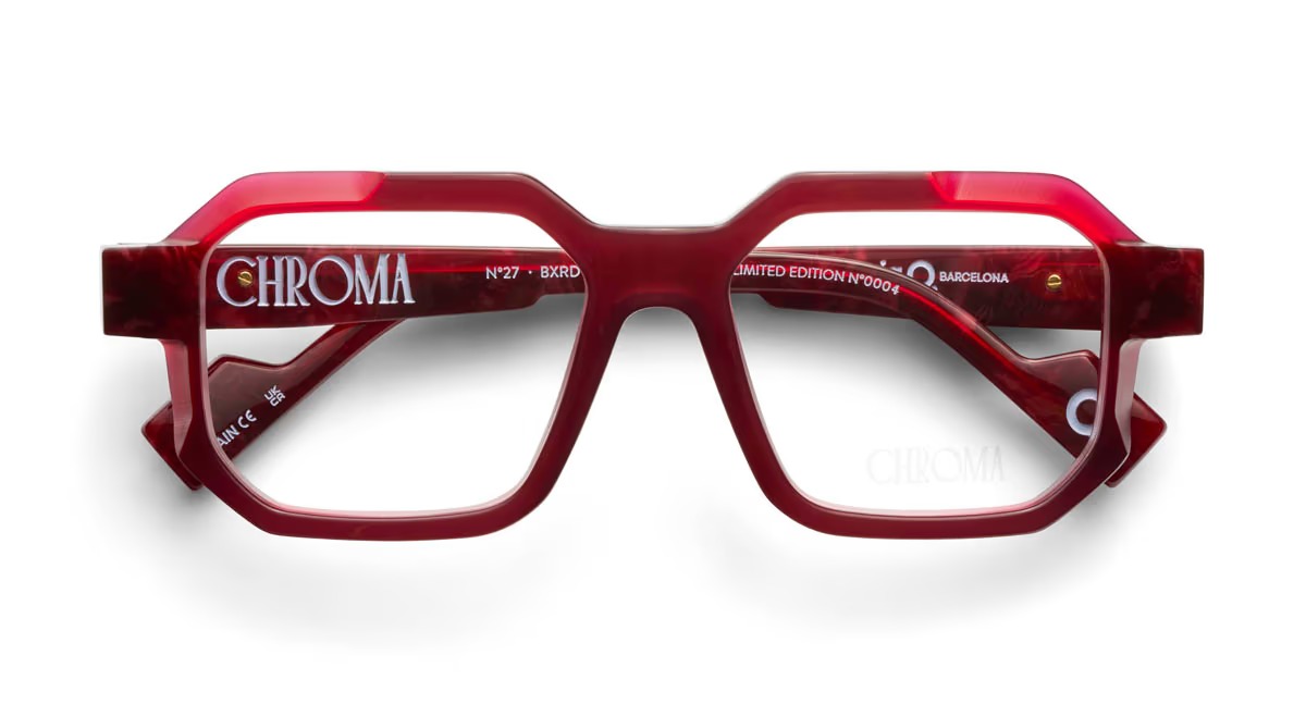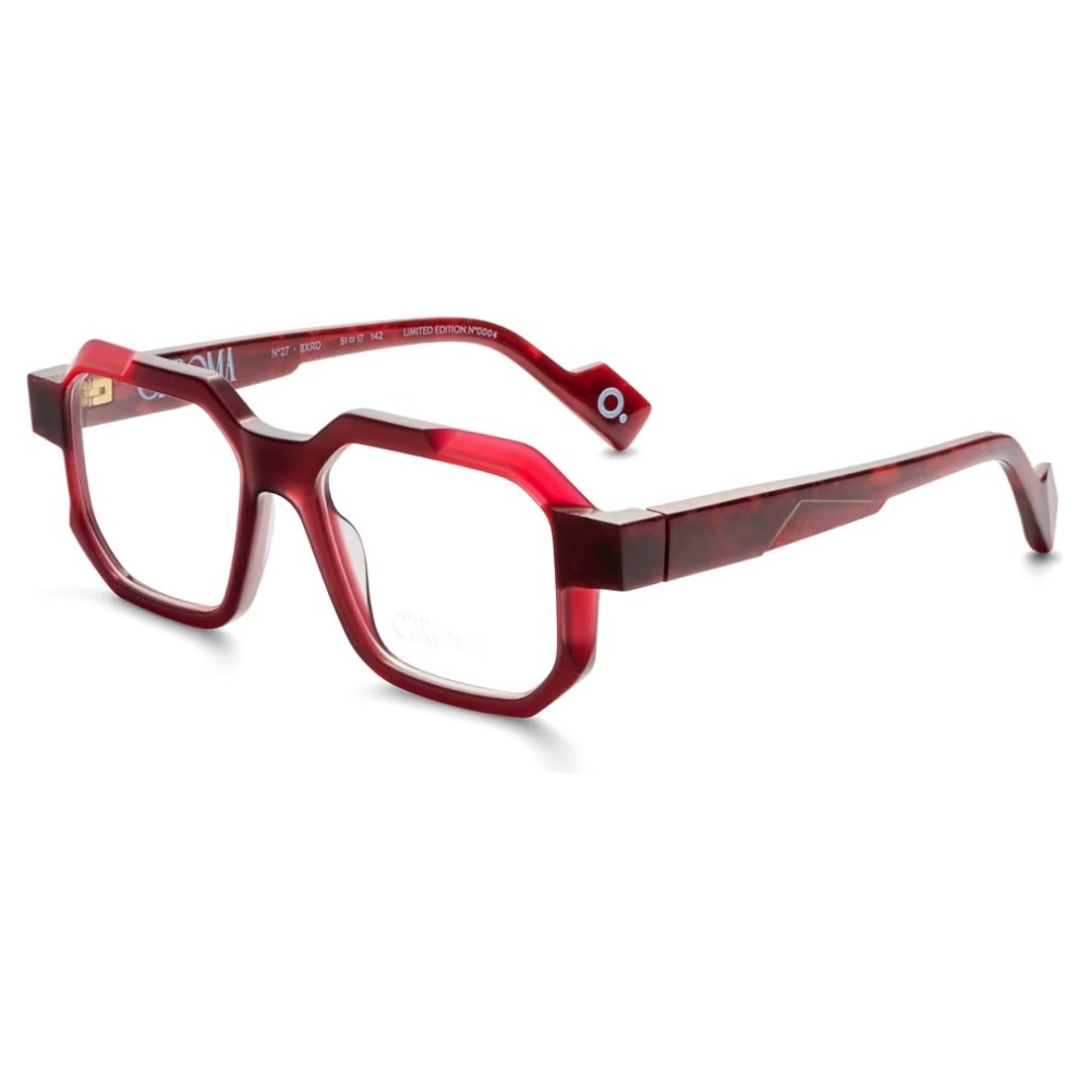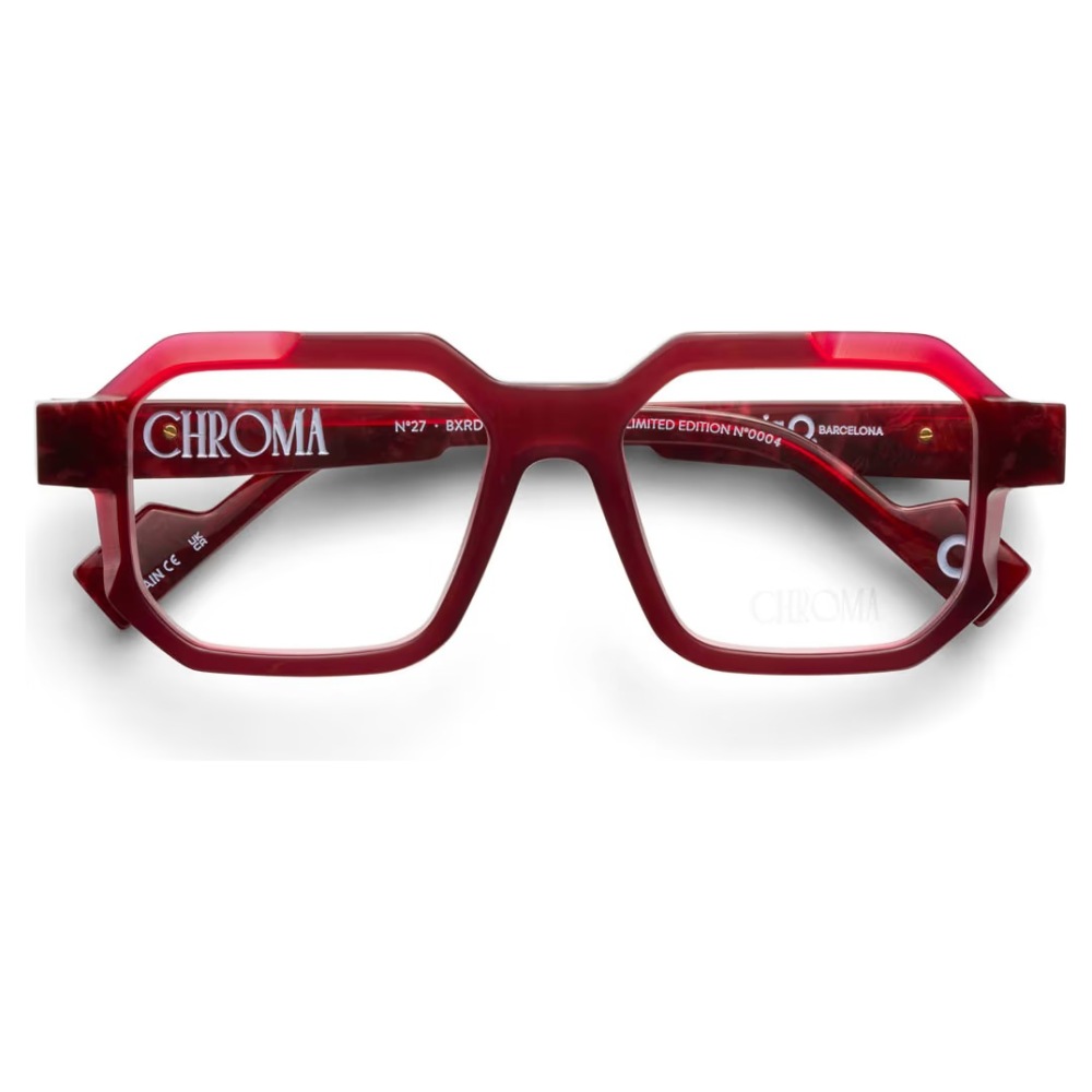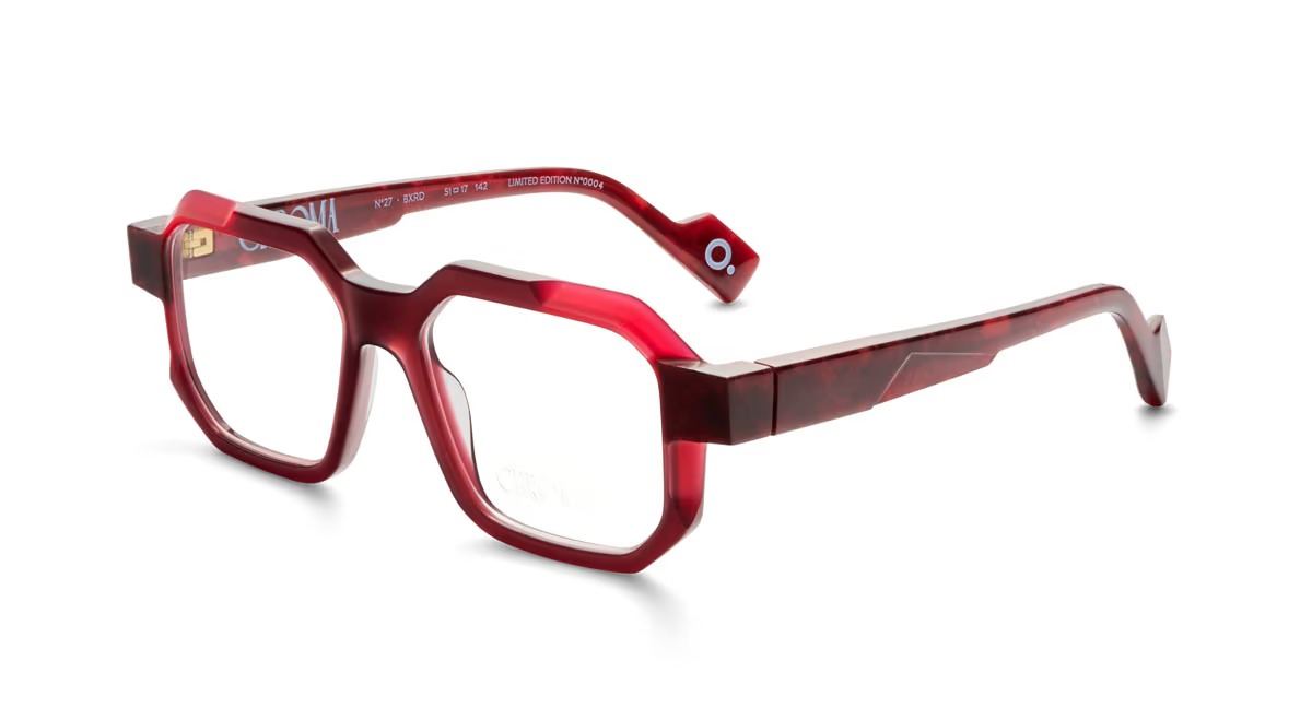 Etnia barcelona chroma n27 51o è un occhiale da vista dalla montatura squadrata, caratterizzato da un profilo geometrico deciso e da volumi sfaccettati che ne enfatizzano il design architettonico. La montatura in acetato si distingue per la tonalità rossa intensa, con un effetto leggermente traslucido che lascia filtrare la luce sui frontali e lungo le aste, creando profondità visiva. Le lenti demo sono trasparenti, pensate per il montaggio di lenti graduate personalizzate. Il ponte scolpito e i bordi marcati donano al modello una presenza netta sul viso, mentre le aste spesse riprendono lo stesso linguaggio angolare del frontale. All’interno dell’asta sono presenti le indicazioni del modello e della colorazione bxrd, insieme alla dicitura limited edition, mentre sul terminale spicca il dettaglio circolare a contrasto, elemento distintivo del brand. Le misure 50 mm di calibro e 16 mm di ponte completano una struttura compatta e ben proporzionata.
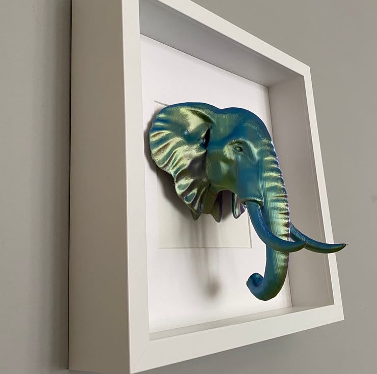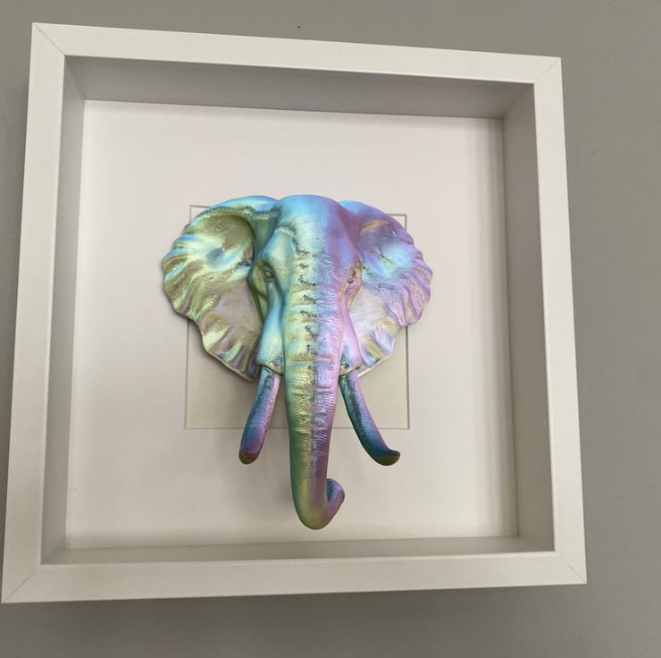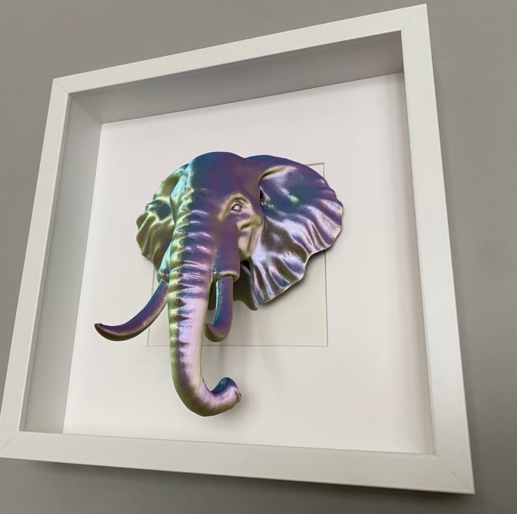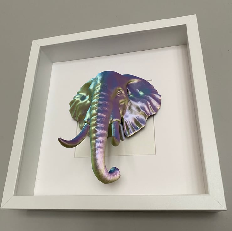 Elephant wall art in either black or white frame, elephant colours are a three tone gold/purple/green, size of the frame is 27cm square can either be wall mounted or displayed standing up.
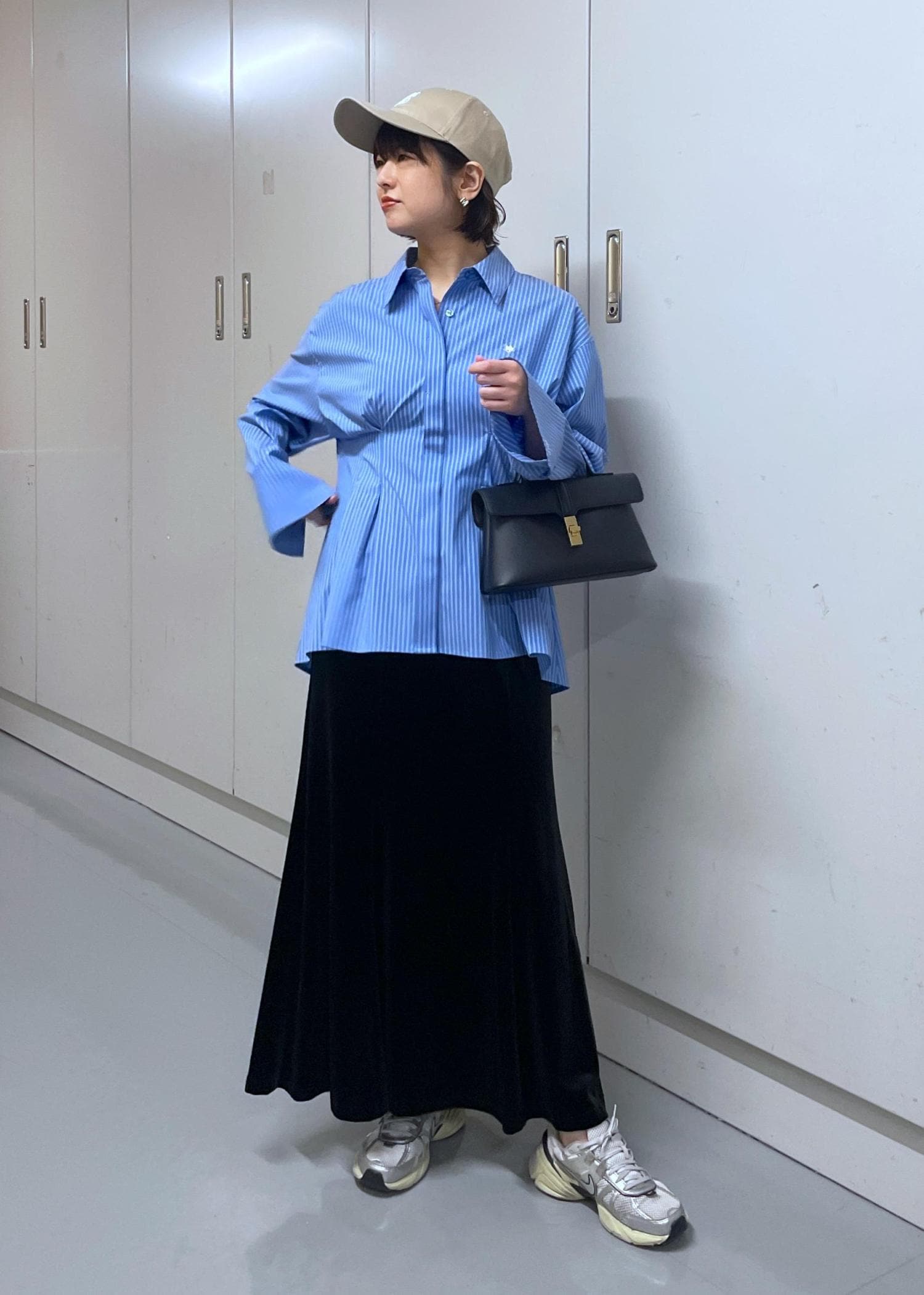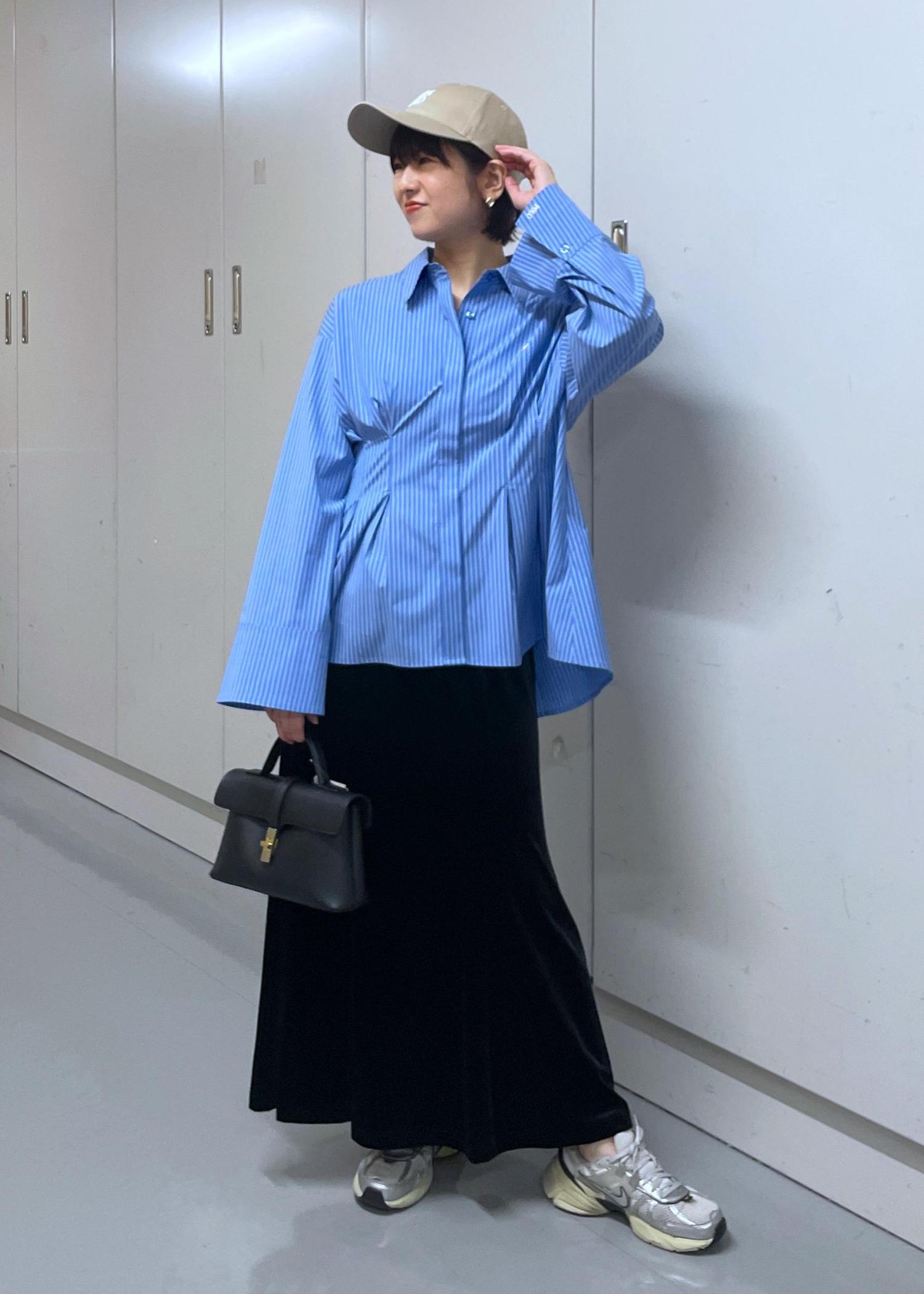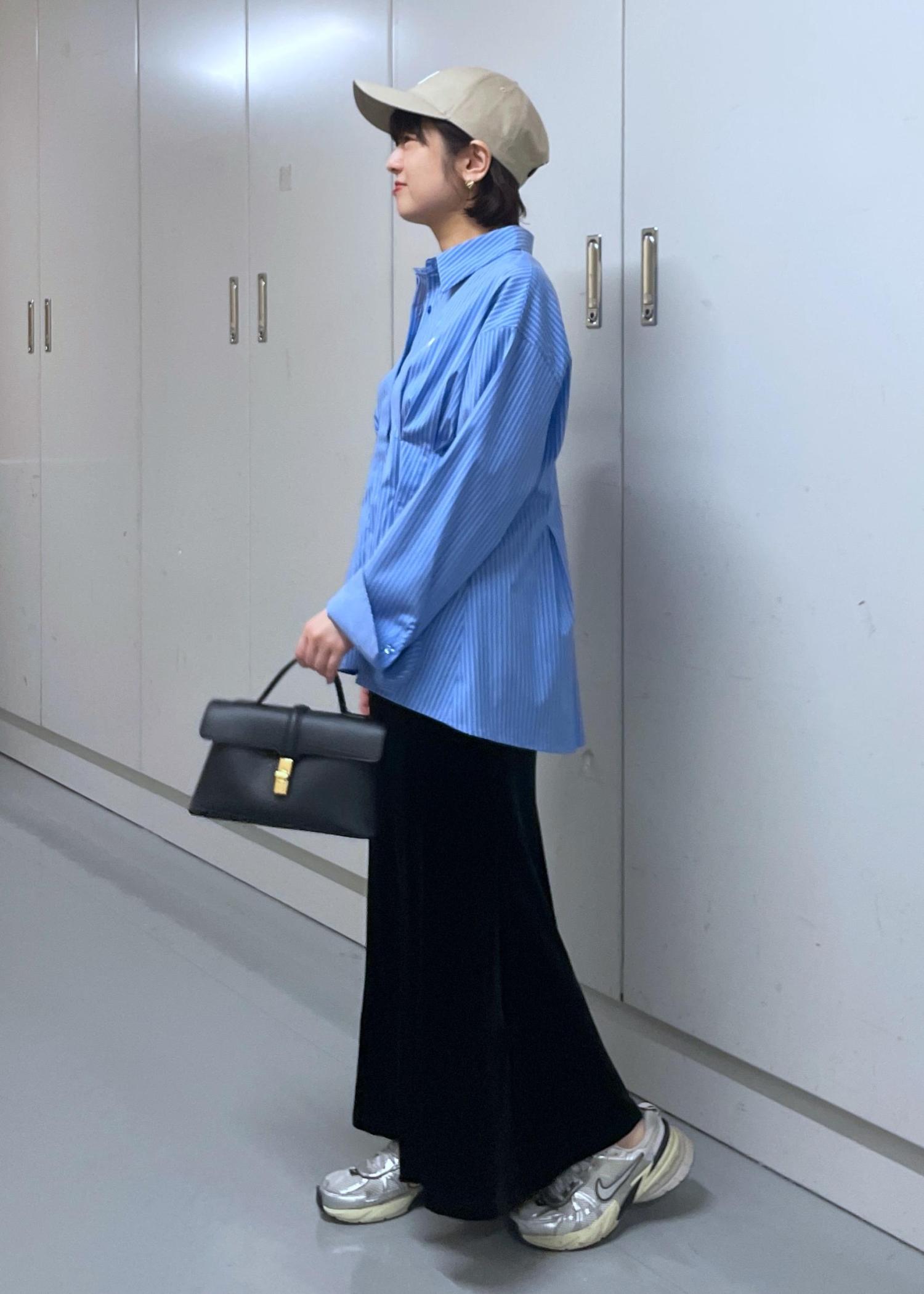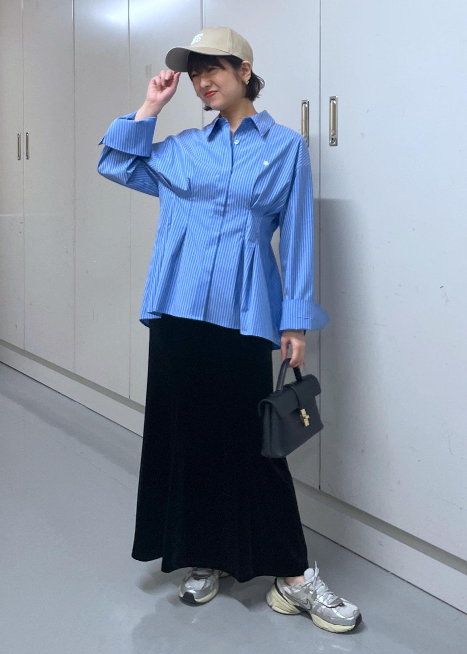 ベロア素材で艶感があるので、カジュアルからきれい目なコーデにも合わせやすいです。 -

****************

From the line containing "Elephant wall art" down to the last line of the data above, transcribe exactly those lines and no others; omit the pictures.

- Answer
 Elephant wall art in either black or white frame, elephant colours are a three tone gold/purple/green, size of the frame is 27cm square can either be wall mounted or displayed standing up.
 ベロア素材で艶感があるので、カジュアルからきれい目なコーデにも合わせやすいです。 -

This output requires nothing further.